═══ Supplied data
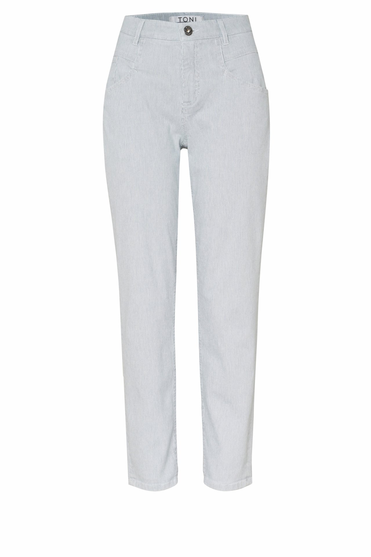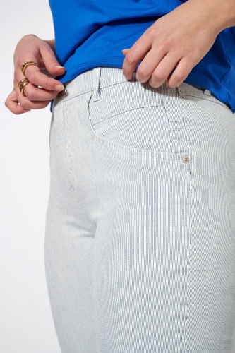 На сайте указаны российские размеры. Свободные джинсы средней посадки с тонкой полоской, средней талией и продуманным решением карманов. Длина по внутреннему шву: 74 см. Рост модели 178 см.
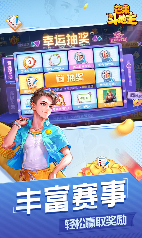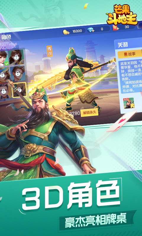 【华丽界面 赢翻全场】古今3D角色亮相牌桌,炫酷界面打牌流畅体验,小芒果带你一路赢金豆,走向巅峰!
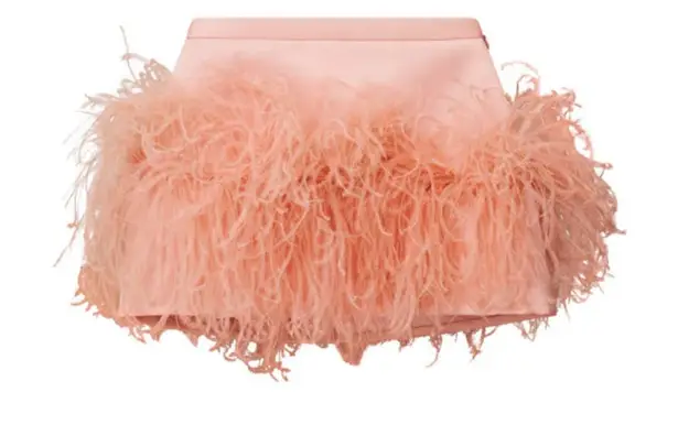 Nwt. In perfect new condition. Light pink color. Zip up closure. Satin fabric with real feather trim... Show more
══════
*Description of the task:* Would you transcribe all of the data exactly, apart from its pictures?

*Your solution:*
 На сайте указаны российские размеры. Свободные джинсы средней посадки с тонкой полоской, средней талией и продуманным решением карманов. Длина по внутреннему шву: 74 см. Рост модели 178 см.
 【华丽界面 赢翻全场】古今3D角色亮相牌桌,炫酷界面打牌流畅体验,小芒果带你一路赢金豆,走向巅峰!
 Nwt. In perfect new condition. Light pink color. Zip up closure. Satin fabric with real feather trim... Show more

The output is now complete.